## EXERCISE DATA:
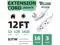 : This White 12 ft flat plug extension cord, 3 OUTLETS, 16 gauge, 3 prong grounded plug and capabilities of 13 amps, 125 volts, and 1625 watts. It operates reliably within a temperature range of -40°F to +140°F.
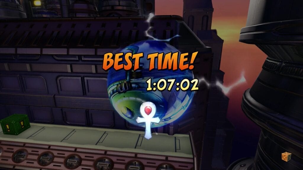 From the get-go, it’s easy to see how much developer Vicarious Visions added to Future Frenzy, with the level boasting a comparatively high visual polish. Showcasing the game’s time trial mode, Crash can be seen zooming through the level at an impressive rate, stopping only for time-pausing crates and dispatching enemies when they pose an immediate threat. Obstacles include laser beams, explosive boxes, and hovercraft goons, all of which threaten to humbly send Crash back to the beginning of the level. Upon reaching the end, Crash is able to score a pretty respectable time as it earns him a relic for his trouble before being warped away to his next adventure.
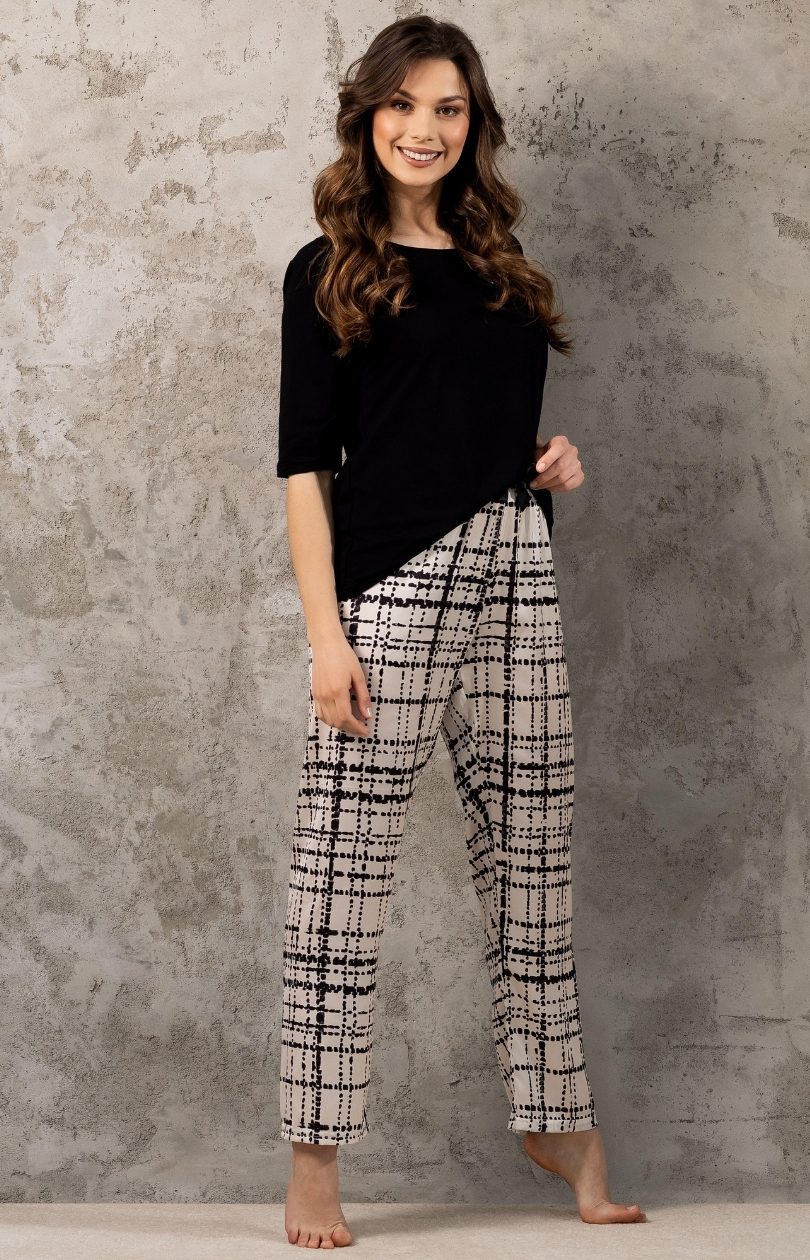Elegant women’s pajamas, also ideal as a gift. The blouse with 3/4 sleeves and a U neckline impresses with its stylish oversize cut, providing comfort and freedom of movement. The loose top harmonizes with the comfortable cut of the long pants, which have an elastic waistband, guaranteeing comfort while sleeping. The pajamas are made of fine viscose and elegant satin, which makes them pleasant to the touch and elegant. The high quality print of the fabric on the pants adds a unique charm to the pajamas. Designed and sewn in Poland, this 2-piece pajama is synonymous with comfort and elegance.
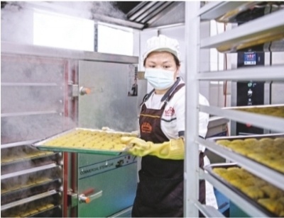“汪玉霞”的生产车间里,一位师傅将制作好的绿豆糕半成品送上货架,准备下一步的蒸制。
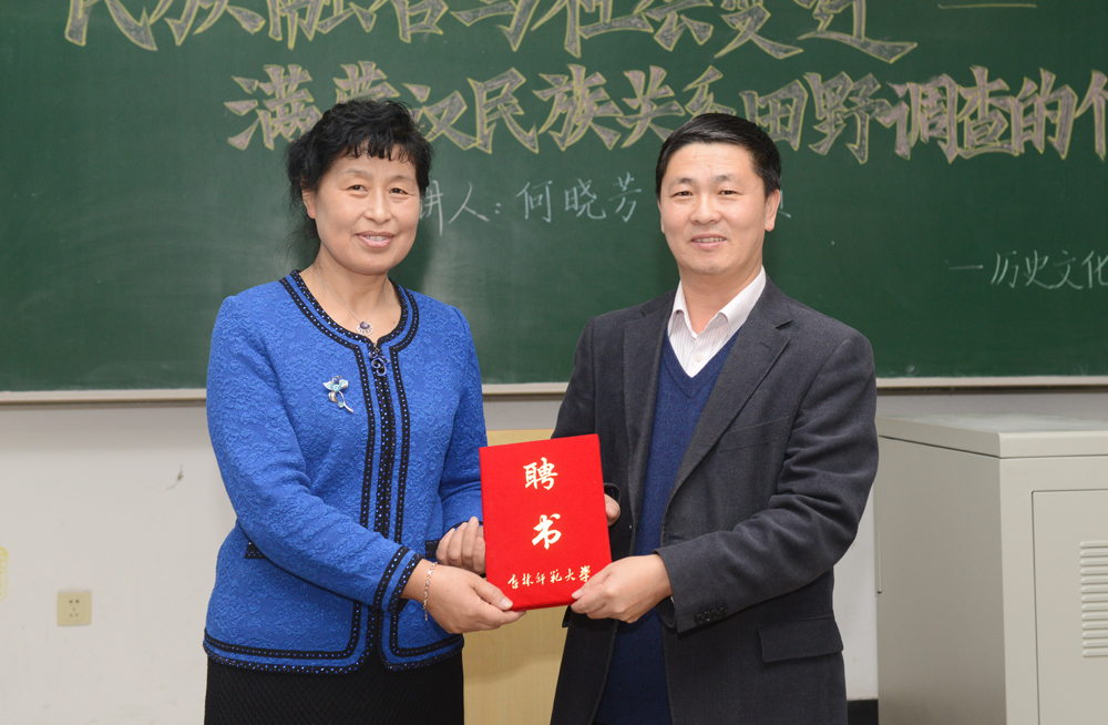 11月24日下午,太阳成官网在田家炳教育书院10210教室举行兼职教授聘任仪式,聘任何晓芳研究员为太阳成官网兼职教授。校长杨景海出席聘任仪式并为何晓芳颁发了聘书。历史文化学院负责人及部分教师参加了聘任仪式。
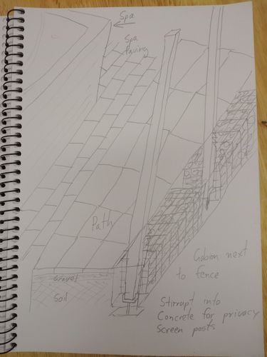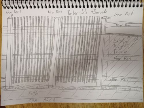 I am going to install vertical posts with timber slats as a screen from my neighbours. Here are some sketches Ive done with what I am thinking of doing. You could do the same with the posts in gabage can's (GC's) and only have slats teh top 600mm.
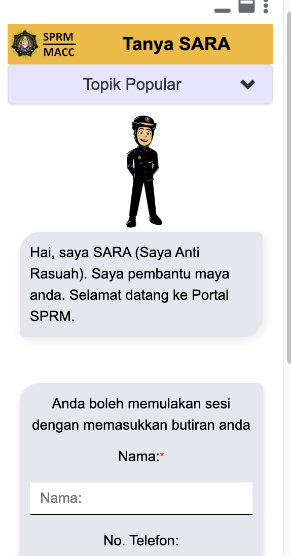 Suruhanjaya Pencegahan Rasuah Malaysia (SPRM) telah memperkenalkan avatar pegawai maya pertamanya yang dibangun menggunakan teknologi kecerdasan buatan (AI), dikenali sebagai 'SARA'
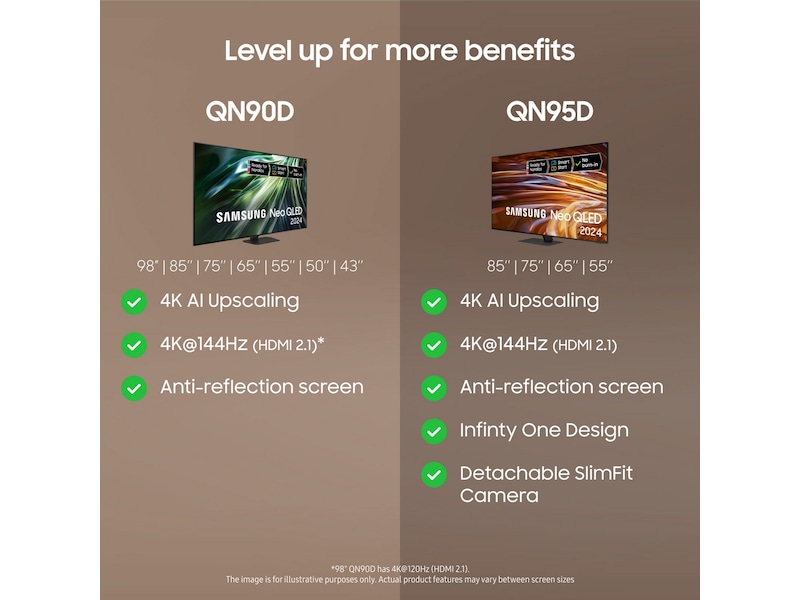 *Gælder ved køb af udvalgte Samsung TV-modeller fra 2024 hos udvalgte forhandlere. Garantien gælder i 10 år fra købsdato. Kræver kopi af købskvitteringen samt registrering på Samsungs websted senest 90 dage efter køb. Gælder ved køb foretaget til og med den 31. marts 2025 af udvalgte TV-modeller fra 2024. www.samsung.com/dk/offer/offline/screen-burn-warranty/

## TASK DESCRIPTION:
Only one thing is wanted here, an exact copy of the lines from the first line above through the line containing "I am going to", minus any picture.

## ANSWER TO THIS EXERCISE:
 : This White 12 ft flat plug extension cord, 3 OUTLETS, 16 gauge, 3 prong grounded plug and capabilities of 13 amps, 125 volts, and 1625 watts. It operates reliably within a temperature range of -40°F to +140°F.
 From the get-go, it’s easy to see how much developer Vicarious Visions added to Future Frenzy, with the level boasting a comparatively high visual polish. Showcasing the game’s time trial mode, Crash can be seen zooming through the level at an impressive rate, stopping only for time-pausing crates and dispatching enemies when they pose an immediate threat. Obstacles include laser beams, explosive boxes, and hovercraft goons, all of which threaten to humbly send Crash back to the beginning of the level. Upon reaching the end, Crash is able to score a pretty respectable time as it earns him a relic for his trouble before being warped away to his next adventure.
Elegant women’s pajamas, also ideal as a gift. The blouse with 3/4 sleeves and a U neckline impresses with its stylish oversize cut, providing comfort and freedom of movement. The loose top harmonizes with the comfortable cut of the long pants, which have an elastic waistband, guaranteeing comfort while sleeping. The pajamas are made of fine viscose and elegant satin, which makes them pleasant to the touch and elegant. The high quality print of the fabric on the pants adds a unique charm to the pajamas. Designed and sewn in Poland, this 2-piece pajama is synonymous with comfort and elegance.
“汪玉霞”的生产车间里,一位师傅将制作好的绿豆糕半成品送上货架,准备下一步的蒸制。
 11月24日下午,太阳成官网在田家炳教育书院10210教室举行兼职教授聘任仪式,聘任何晓芳研究员为太阳成官网兼职教授。校长杨景海出席聘任仪式并为何晓芳颁发了聘书。历史文化学院负责人及部分教师参加了聘任仪式。
 I am going to install vertical posts with timber slats as a screen from my neighbours. Here are some sketches Ive done with what I am thinking of doing. You could do the same with the posts in gabage can's (GC's) and only have slats teh top 600mm.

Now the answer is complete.